Sixteen years after my diagnosis with choroid plexus carcinoma (brain cancer), I finally came to my rite of passage as a cancer kid: I exited the children’s hospital into the seemingly giant hospital for adults.
This world smelled better and the waiting rooms looked nicer, but the popsicle selection was subpar. One of the first things left behind that I most certainly did not miss: being talked down to. At 18, I was not used to people being forward with me, but on my first visit to my new hospital, the nurse was plain and direct.
“You are at risk for binge drinking,” she said pointedly. “Be careful.”
Having just met her, it seemed disturbingly frank at the time–but over the years, I’ve come to understand what she meant.
The connection between childhood cancer and substance abuse
Recent research has found troubling connections between cancer survivors and drinking. The National Health Interview Survey discovered an alarming incidence of alcohol consumption among cancer survivors. Over half of those diagnosed with cancer consumed alcohol, with about 20 percent included in the binge-drinking category (four drinks a day for women and five for men). Survivors of childhood cancers, like those with CNS (central nervous system) tumours, had alcohol consumption rates markedly higher than most other survivors. In general, 73 percent of CNS tumour survivors consumed alcohol, with 23 percent considered bingers.

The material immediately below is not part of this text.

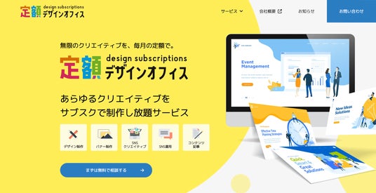 定額デザインオフィスは、バナー制作や資料作成、SNS運用コンテンツの制作、記事作成など、企業のクリエイティブニーズを包括的にサポートする定額制サービスです。

Let’s compare these numbers to the regular population: According to the CDC, one in six (or about 16.6 percent) U.S. adults participate in binge-drinking. Four—or, in the case of CNS tumor survivors, seven—percentage points might not seem like a huge difference. However, there is a large cause for concern for those in remission due to the strong link between alcohol consumption and cancer. Early studies indicate even moderate drinking increases chances of recurrence. Given the risk, doctors are baffled as to why cancer survivors are partaking in such a harmful activity as drinking, especially at these levels. While research is inconclusive as to the cause of these risky behaviors in survivors, the debate has shifted the focus to holistic modes of care. Researchers like the team at the Journal of Oncology have gone as far as advocating for multidisciplinary teams to assess both the physical and social realities of cancer survivors, particularly for teen survivors.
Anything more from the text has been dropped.